I’ve got a couple of those stainless steel jobbies so will try them soon, maybe keep an eye on gravity and put them in for 3 days when it’s aproaching final gravity. Or use them in the keg.
 
I am still keeping it simple and just chucking them in loose after about a week. Then racking a week later.

Hi!
That's how I do it.
My Cali Common has been in the FV for one week. Today I plan to dry hop, but I still haven't decided whether to just chuck them in (pellet hops) or use my hop spider. Following the conclusions in the article, perhaps the spider would be best and I could remove it after 4 days.
I also plan to make a hop tea and add it just before cold crashing
 
Hi!
That's how I do it.
My Cali Common has been in the FV for one week. Today I plan to dry hop, but I still haven't decided whether to just chuck them in (pellet hops) or use my hop spider. Following the conclusions in the article, perhaps the spider would be best and I could remove it after 4 days.
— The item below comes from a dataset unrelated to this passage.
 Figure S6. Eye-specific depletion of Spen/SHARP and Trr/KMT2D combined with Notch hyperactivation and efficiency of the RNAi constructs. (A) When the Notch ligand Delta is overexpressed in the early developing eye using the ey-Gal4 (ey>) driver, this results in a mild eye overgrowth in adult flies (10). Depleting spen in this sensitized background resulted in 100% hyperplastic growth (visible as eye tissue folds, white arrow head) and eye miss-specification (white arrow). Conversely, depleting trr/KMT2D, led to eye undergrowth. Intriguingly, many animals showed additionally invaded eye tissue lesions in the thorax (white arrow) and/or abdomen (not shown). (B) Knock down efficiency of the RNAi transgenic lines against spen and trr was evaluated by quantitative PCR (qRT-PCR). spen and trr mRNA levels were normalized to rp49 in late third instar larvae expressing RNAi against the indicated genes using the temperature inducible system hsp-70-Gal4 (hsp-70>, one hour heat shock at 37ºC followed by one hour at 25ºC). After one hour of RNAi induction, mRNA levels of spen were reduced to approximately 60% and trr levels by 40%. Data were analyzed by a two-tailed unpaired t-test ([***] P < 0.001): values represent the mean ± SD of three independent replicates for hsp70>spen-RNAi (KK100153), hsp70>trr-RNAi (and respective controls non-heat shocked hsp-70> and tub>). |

I also plan to make a hop tea and add it just before cold crashing

Give the spider a go, I’d be interested to see if you think there is a difference, especially if it goes in for the final stages of fermentation. It seems many say the reaction with yeast actually gives a smoother effect. Although others say the yeast pulls aroma away?


Also Clint- never squeeze, I think that’s pretty much agreed!
 
I wonder why that is? Do the hops reabsorb them? Or are the oils so volatile they just evaporate off?
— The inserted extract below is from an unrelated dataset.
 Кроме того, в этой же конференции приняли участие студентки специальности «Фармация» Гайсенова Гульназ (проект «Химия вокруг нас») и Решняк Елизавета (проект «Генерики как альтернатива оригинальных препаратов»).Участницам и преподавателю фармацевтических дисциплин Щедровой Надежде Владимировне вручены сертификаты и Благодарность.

I thought that. The oils have to go somewhere. If there is negligible CO2 leaving the beer then the oil won't be stripped out that way. And unless there is a large headspace to fill with oil vapour the oils will quickly reach some sort of dissolved:gas equilibrium. Or do the oils break down, and if so to what, but if this is happening the effect of a dry hop would diminish in days rather than weeks as happens at present. Anyway none of this is likely to change what I do. Which is a six day dry hop before packaging with the last two days in a cold place.
 
I have always thrown the pellets in and let them sink. I don't have a problem with them getting in the bottle even if I don't crash. I am testing out hop aroma oils and large doses definitely affect the taste. Worst dry hop ever was Punk IPA with leaf. Ended up with a massive raft on top which imparted little flavour and soaked up litres of beer.